Acknowledging the seemingly small advantage, John H. Krystal, M.D., Editor of Biological Psychiatry and affiliated with both Yale University School of Medicine and the VA Connecticut Healthcare System, comments that this article “highlights an advance that may have more importance for public health than for individual doctors and patients.” He explains this reasoning:
"If the average doctor was actively treating 200 symptomatic depressed patients and switched all of them to venlafaxine from SSRI, only 12 patients would be predicted to benefit from the switch. This signal of benefit might be very hard for that doctor to detect. But imagine that the entire population of depressed patients in the United States, estimated to be 7.1% of the population or over 21 million people, received a treatment that was 5.9% more effective, then it is conceivable that more than 1 million people would respond to venlafaxine who would not have responded to an SSRI. This may be an example of where optimal use of existing medications may improve public health even when it might not make much difference for individual doctors and patients."
Ghostwriter Watch: Who wrote the study and who conducted the analyses? The authors are listed as Charles Nemeroff, Richard Entsuah, Isma Benattia, Mark Demitrack, Diane Sloan, and Michael Thase. Their respective contributions are not listed in the text of the article. The contribution of Wilfrido Ortega-Leon for assistance with statistical analysis is acknowledged in the article, as are the contributions of Sherri Jones and Lorraine Sweeney of Advogent for "editorial assistance."
Ortega-Leon appears to be an employee of Wyeth. So did an employee of Wyeth run all of the stats, then pass them along to the authors for writeup? Last time I checked, there were sometimes problems associated with having a company-funded statistician run the stats then pass them along without any independent oversight. I don't know what happened, but my questions could have been easily resolved: Describe each author's contributions in a note at the end of the article.

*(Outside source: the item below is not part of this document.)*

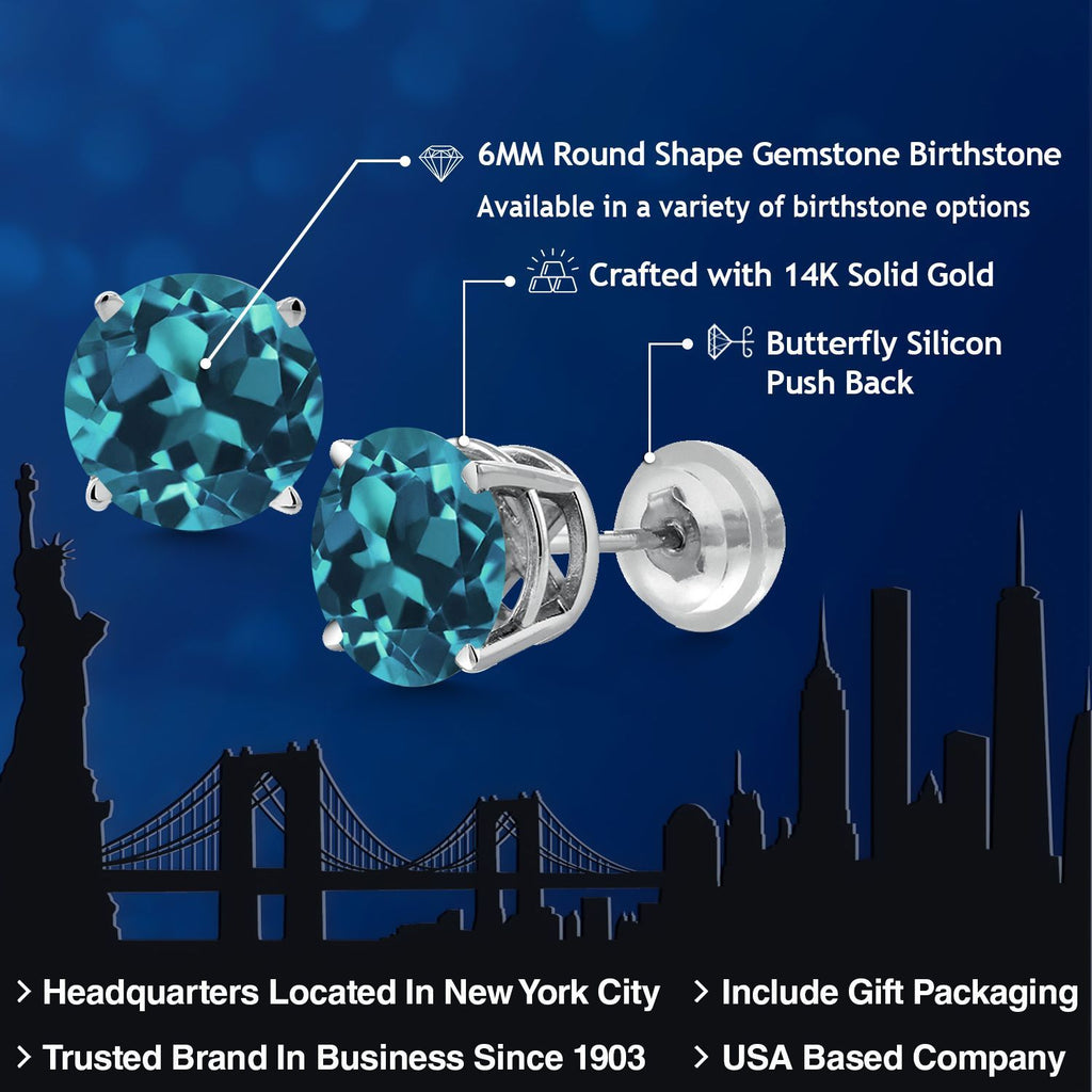 CLASSIC LONDON BLUE TOPAZ STUD DESIGN: These timeless stud earrings feature 6MM round-cut London Blue Topaz gemstones totaling 2.20 carats. The rich blue hue symbolizes calm, clarity, and emotional strength, making them a perfect everyday statement

Sherri Jones and Lorraine Sweeney have served in an "editorial assistant" role for other studies promoting Effexor, such as this one. I suspect that they are familiar with the key marketing messages for the drug. An important question: What does "editorial assistance" mean? Did Jones and Sweeney simply spell-check the paper and make sure the figures looked pretty? Did they consult the authors to get the main points, then fill in a few gaps? Or did they write the whole paper then watch the purported authors rubber-stamp their names on the author byline? Simply listing "editorial assistance" is not transparency. I have no problem with medical writers helping with a manuscript, depending on what "helping" means. Many researchers are not skilled writers and cleaning up their writing is a good idea for all parties. But having a medical writer who is paid by a drug company to make sure that key marketing messages are included in the paper can lead to problems.
Part 2, regarding the unemphasized, but important, finding from this study that antidepressants yield mediocre benefits over placebo.

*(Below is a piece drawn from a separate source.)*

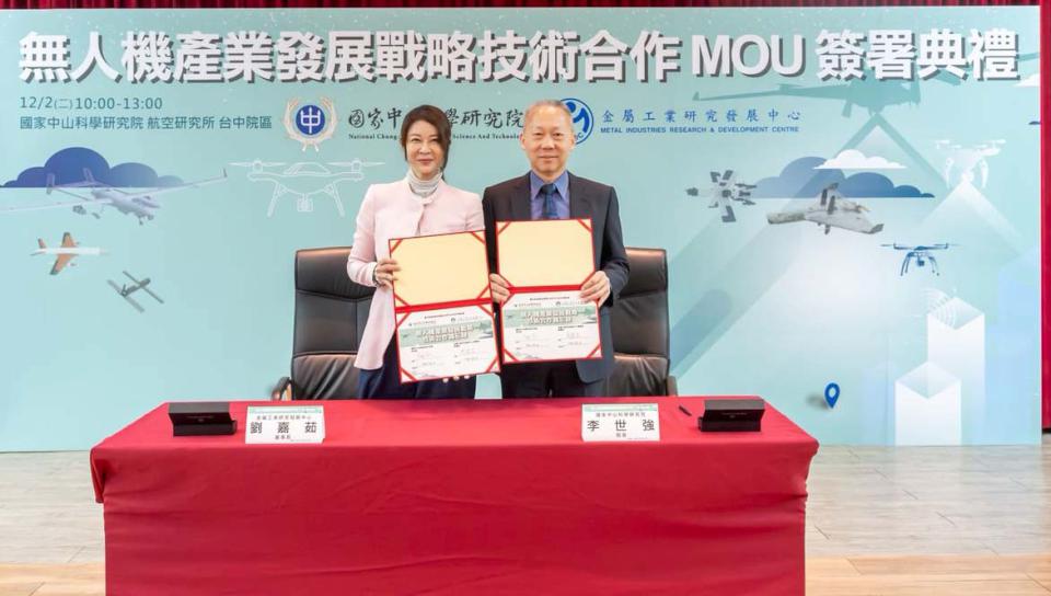 財團法人金屬工業研究發展中心董事長劉嘉茹(圖左)12月2日與國家中山科學研究院院長李世強(圖右)簽署無人機產業發展戰略技術合作備忘錄(MOU),宣示攜手整合研發能量及產業資源,推動國產無人機研製應用,強化自主國防能力,助攻產業國際競爭力。

Update (03-03-08): See comments. A wise reader has pointed out that there are actually three authors from Advogent. Well, um, one author and two editorial assistants. A skeptical person would add that the presence of three medical writers and a Wyeth statistican who appears in a footnote at the end of the study obviates the need for those pesky academic authors except for the need to lend the study a stamp of approval from "independent scientists." Is that too cynical?